Reputation: 2393
I have spent some time learning Regular Expression, but I still don't understand how the following trick works to match two words in different order.
import re
reobj = re.compile(r'^(?=.*?(John))(?=.*?(Peter)).*$',re.MULTILINE)
string = '''
John and Peter
Peter and John
James and Peter and John
'''
re.findall(reobj,string)
result
[('John', 'Peter'), ('John', 'Peter'), ('John', 'Peter')]

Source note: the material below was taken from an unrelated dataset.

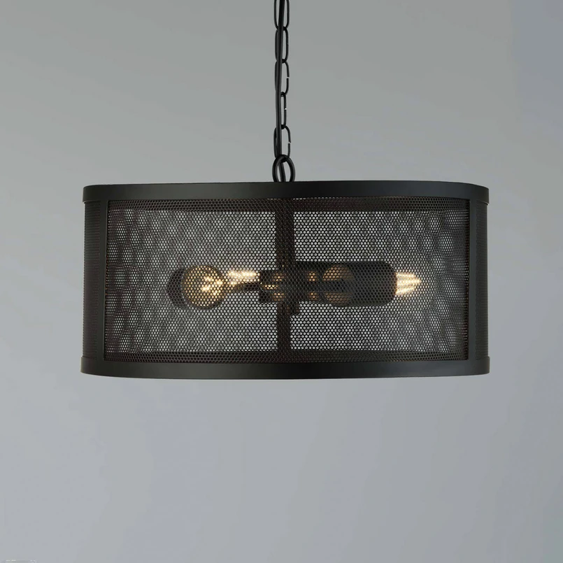 Jak sama nazwa wskazuje, klosz trzylampowej lampy wiszącej Fishnet składa się z drobno tkanej siatki z matowego, pomalowanego na czarno metalu, która jest owinięta wokół metalowych rozpórek. Przez siatkę widoczne są trzy gniazda znajdujące się pośrodku klosza, a tym samym również wykorzystywane źródła światła, dzięki czemu zaleca się stosowanie żarówek dla uzyskania pięknego wyglądu.

( https://www.regex101.com/r/qW4rF4/1)
I know the (?=.* )
part is called Positive Lookahead
, but how does it work in this situation?
Any explanation?
Upvotes: 6
Views: 1384
Reputation: 67998
It just does not match in any arbitrary order.Capturing here is being done by .*
which consumes anything which comes its way.The positive lookahead
makes an assertion .You have two lookaheads
.They are independent of each other.Each makes an assertion one word.So finally your regex works like:
1)(?=.*?(John))
===String should have a John
.Just an assertion.Does not consume anything
2)(?=.*?(Peter))
===String should have a Peter
.Just an assertion.Does not consume anything
3).*
===Consume anything if assertions have passed
So you see the order does not matter here.,what is imp is that assertions should pass
.
Upvotes: 2